[Task description]
Work through the listing below and give again exactly the lines from the one with "2017年2月25日,由安徽" to the one with "Cream Ditsy Floral", both ends included. All other lines and all pictures stay out.

[Listed records]

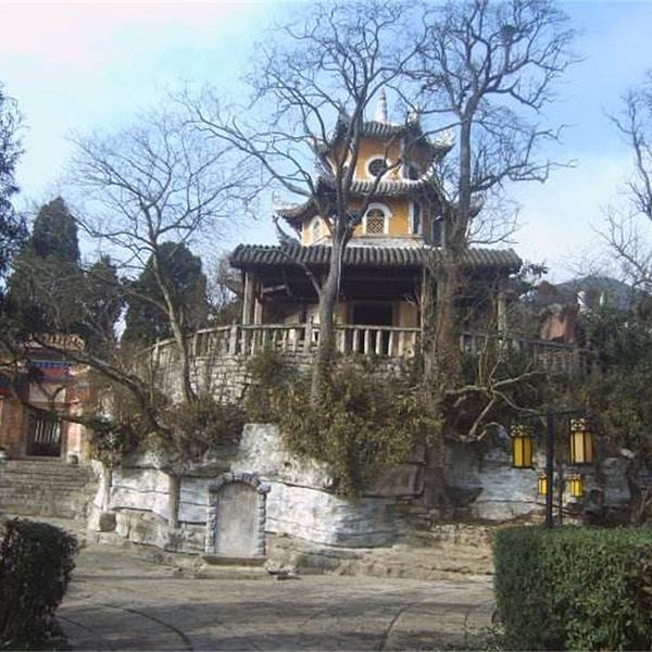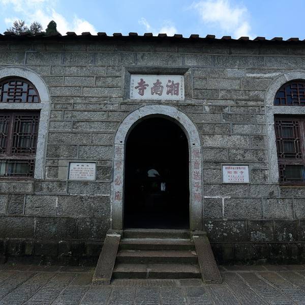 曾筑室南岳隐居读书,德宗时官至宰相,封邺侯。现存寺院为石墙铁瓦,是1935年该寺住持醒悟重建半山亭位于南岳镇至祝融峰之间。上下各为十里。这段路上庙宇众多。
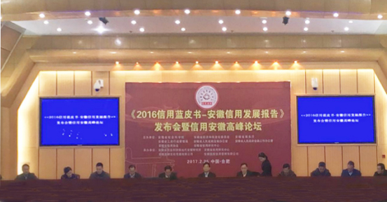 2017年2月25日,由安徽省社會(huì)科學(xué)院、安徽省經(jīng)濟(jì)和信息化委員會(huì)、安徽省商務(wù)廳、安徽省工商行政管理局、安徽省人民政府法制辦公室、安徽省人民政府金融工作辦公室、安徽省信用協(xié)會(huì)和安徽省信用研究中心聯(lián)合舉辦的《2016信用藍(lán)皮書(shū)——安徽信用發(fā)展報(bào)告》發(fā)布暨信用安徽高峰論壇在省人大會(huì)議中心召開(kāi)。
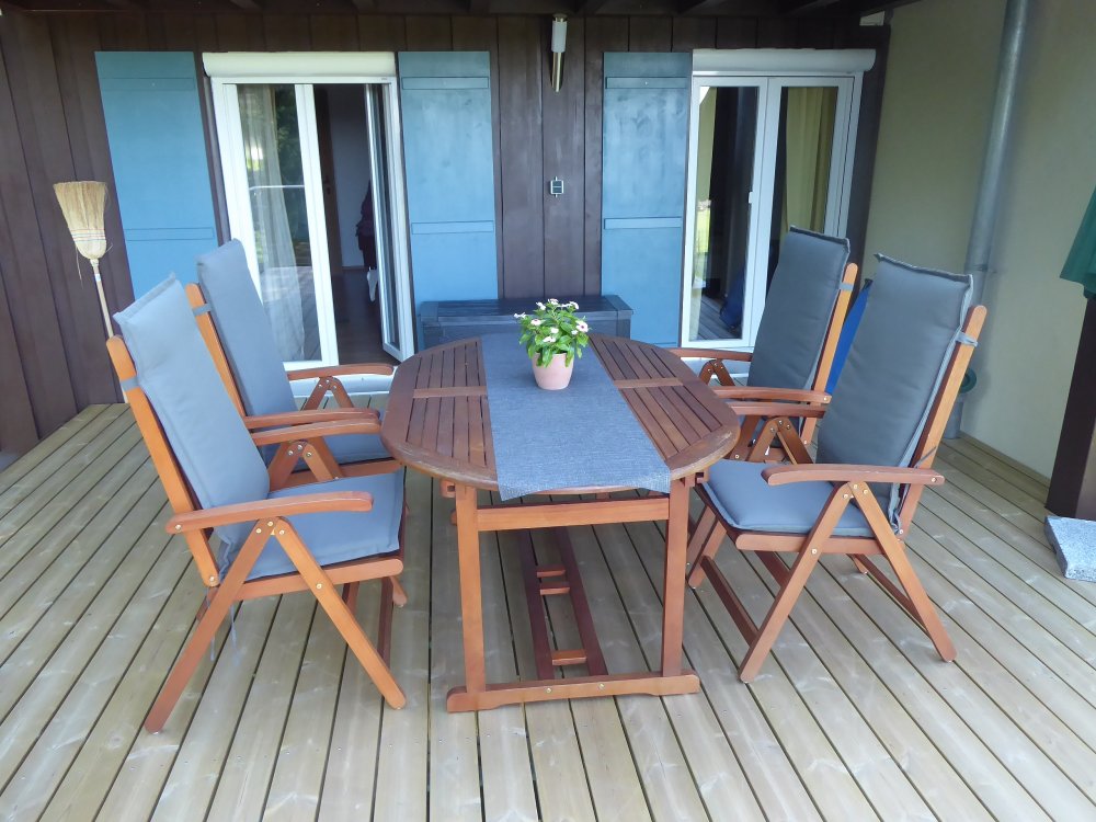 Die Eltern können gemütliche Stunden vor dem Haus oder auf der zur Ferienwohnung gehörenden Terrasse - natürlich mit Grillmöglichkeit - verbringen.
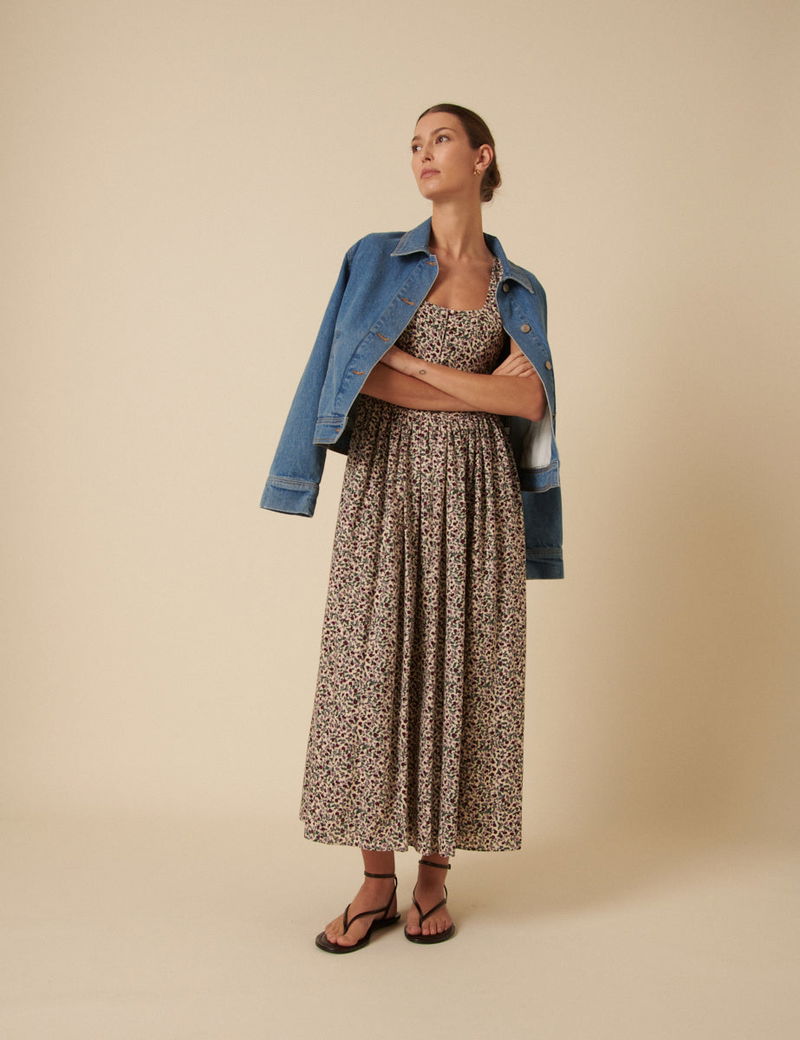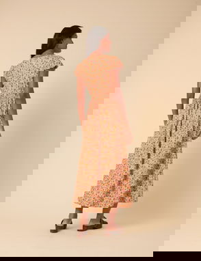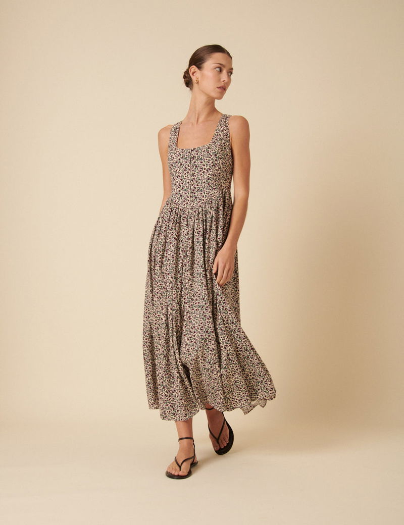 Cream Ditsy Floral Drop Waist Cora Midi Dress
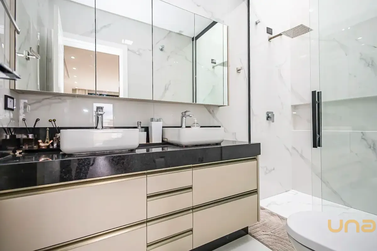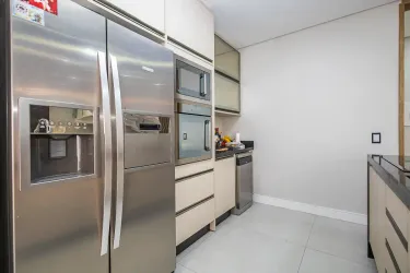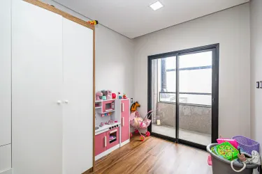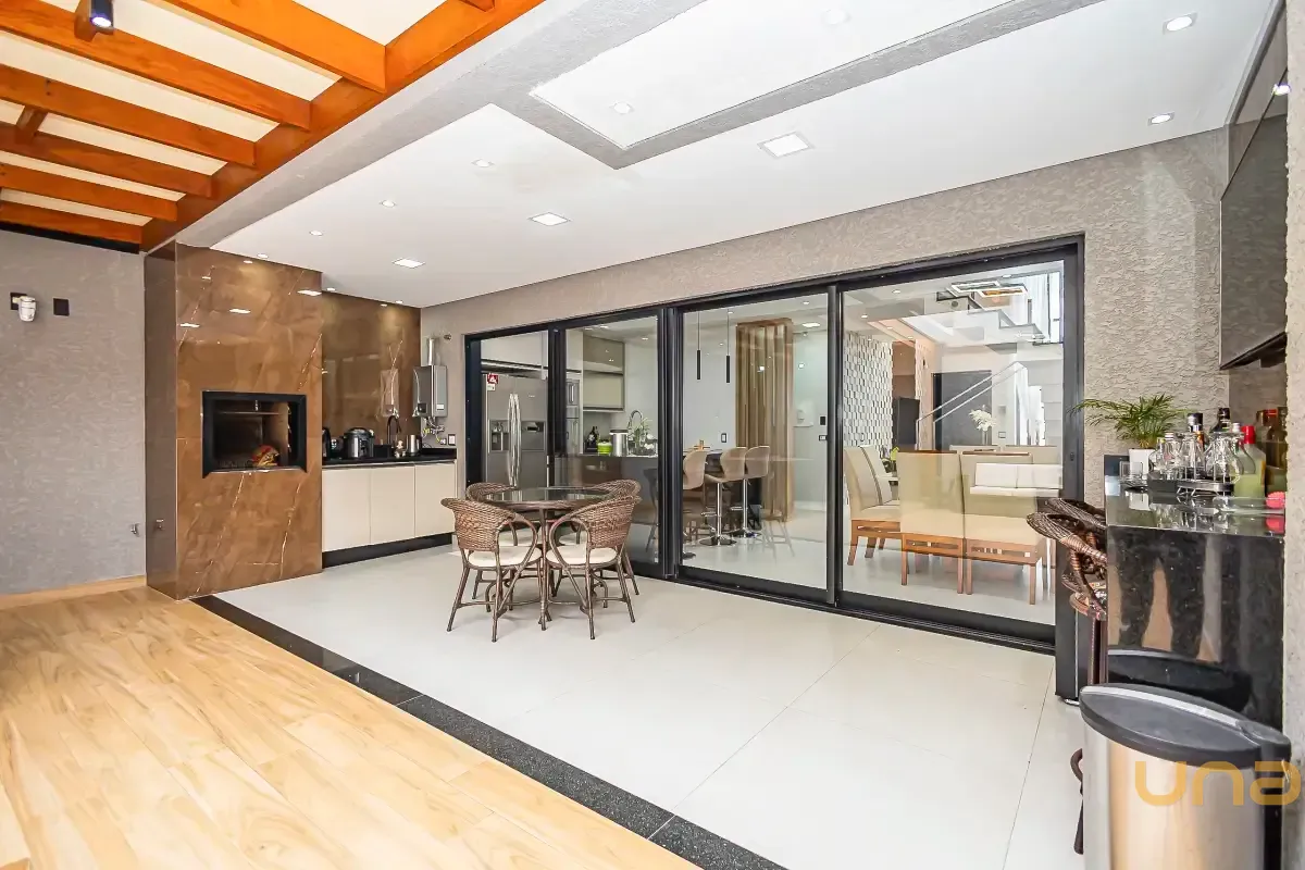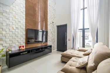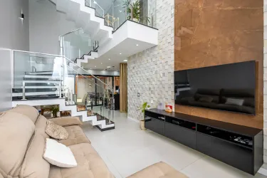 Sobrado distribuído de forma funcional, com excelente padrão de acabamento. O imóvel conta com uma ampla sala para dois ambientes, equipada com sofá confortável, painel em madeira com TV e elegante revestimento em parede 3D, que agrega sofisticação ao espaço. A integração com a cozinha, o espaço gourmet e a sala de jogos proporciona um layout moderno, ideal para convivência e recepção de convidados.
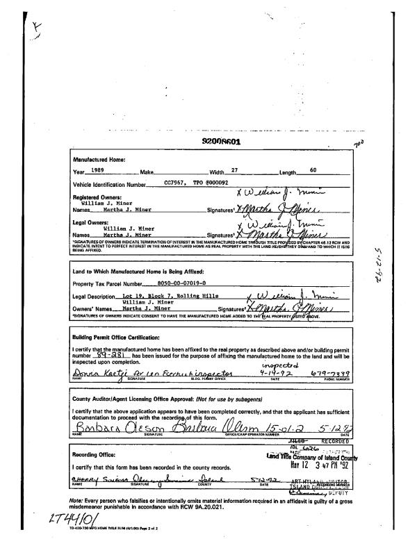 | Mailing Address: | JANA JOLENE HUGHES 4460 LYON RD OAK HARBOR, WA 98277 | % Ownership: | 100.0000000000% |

[Answer space]
 2017年2月25日,由安徽省社會(huì)科學(xué)院、安徽省經(jīng)濟(jì)和信息化委員會(huì)、安徽省商務(wù)廳、安徽省工商行政管理局、安徽省人民政府法制辦公室、安徽省人民政府金融工作辦公室、安徽省信用協(xié)會(huì)和安徽省信用研究中心聯(lián)合舉辦的《2016信用藍(lán)皮書(shū)——安徽信用發(fā)展報(bào)告》發(fā)布暨信用安徽高峰論壇在省人大會(huì)議中心召開(kāi)。
 Die Eltern können gemütliche Stunden vor dem Haus oder auf der zur Ferienwohnung gehörenden Terrasse - natürlich mit Grillmöglichkeit - verbringen.
 Cream Ditsy Floral Drop Waist Cora Midi Dress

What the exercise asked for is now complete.